Genetyka pomaga w walce z rakiem
Czy dany człowiek zachoruje na raka? Czy i kiedy będzie miał przerzuty nowotworu? Czy przepisany przez lekarza lek zadziała u chorego na raka pacjenta? W znalezieniu odpowiedzi na te pytania pomagać powinny badania genetyczne - mówili onkolodzy na konferencji prasowej w Warszawie.
O tym, jak ważne jest badanie aktywności poszczególnych genów u ludzi chorych na raka oraz u tych, którzy na raka mogą zachorować, debatowano podczas tegorocznego spotkania wiodącej w świecie organizacji onkologicznej, Amerykańskiego Towarzystwa Onkologii Klinicznej (ASCO) - podkreślali polscy naukowcy. W Orlando spotkało się ponad 20 tysięcy specjalistów z całego świata, którzy przedstawili prawie 4 tysiące publikacji wykładów i sesji plakatowych (w tym 17 prac z Polski).

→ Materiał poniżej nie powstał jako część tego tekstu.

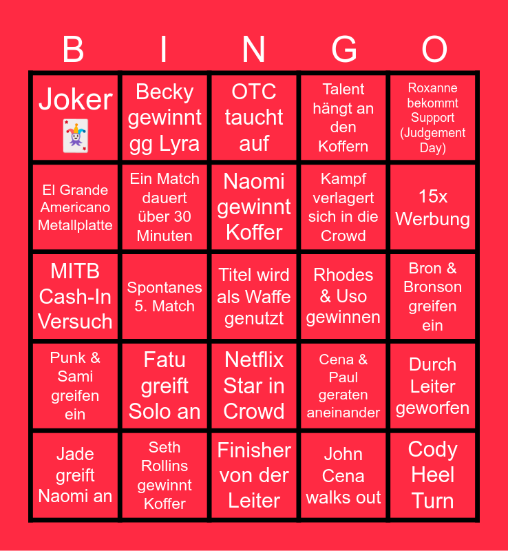 This bingo card has a free space and 24 words: Fatu greift Solo an, Seth Rollins gewinnt Koffer, Naomi gewinnt Koffer, Jade greift Naomi an, Roxanne bekommt Support (Judgement Day), Joker 🃏, El Grande Americano Metallplatte, Becky gewinnt gg Lyra, Rhodes & Uso gewinnen, Netflix Star in Crowd, Kampf verlagert sich in die Crowd, MITB Cash-In Versuch, Cena & Paul geraten aneinander, Durch Leiter geworfen, Ein Match dauert über 30 Minuten, John Cena walks out, Bron & Bronson greifen ein, OTC taucht auf, 15x Werbung, Spontanes 5. Match, Cody Heel Turn, Punk & Sami greifen ein, Talent hängt an den Koffern and Finisher von der Leiter.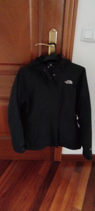 Chaqueta The North Face en color negro. Diseño moderno y funcional.Talla M.Se le pueden añadir forros polares compatibles.Precio 60€ porque tiene el tirador de la cremallera roto,aunque sube y baja,con botones y velcro para cierre.VENTA EN MANO. - Logo de la marca en el pecho. - Cierre de cremallera y botones. - Capucha integrada.

Według krajowego konsultanta w dziedzinie onkologii klinicznej, prof. Macieja Krzakowskiego, konieczna jest w Polsce identyfikacja chorych z rzeczywistymi szansami uzyskania korzyści z danej terapii. Dzięki temu wiadomo byłoby, że dany lek u chorego z pewnością zadziała. Taka identyfikację mogą umożliwić badania genetyczne.
Jak tłumaczył kierownik Kliniki Onkologii Centralnego Szpitala Klinicznego Wojskowego Instytutu Medycznego w Warszawie prof. Cezary Szczylik, to że u niektórych pacjentów lek onkologiczny nie działa, powodowane jest działaniem poszczególnych genów chorego.
Poznawanie praw, którymi rządzą się nowotwory, to w zasadzie poznawanie funkcji poszczególnych genów u człowieka - powiedział prof. Szczylik. Na przykład wiadomo, że u kobiet pewne mutacje w genie BRCA-1 mogą wiązać się z rakiem piersi - wyjaśnił.
Nadmierna aktywność niektórych genów powoduje, że człowiek może zachorować na nowotwór. Badania zachowania się genów pozwalają także określić, czy i kiedy u chorego mogą nastąpić przerzuty raka - tłumaczył onkolog. Wiedząc to, lekarze nie będą podawać pacjentowi leków przeciw przerzutom, skoro przerzutu nie będzie; będą też w stanie dobrać pacjentowi lek, który z pewnością zadziała - wyjaśnił.
Koszt użycia nowoczesnych leków opracowywanych w ostatnich latach w światowych laboratoriach przekracza możliwości budżetowe większości krajów, w tym Polski - zwrócił uwagę kierownik Katedry i Kliniki Onkologii i Radioterapii Akademii Medycznej w Gdańsku, prof. Jacek Jassem.
Podczas konferencji podkreślano także, że za mało jest w Polsce wykwalifikowanych onkologów - szczególnie profesorów onkologii, na akademiach medycznych onkologii poświęca się zdecydowanie za mało miejsca.
Jak poinformowano, nowotwory wykrywane są każdego roku u około 120 tys. Polaków. Do najgroźniejszych należą rak płuca i rak piersi (najczęstszy nowotwór złośliwy u kobiet). W przypadku raka płuca rocznie odnotowuje się w Polsce 18 tys. nowych zachorowań, a w przypadku raka piersi - 10 tys.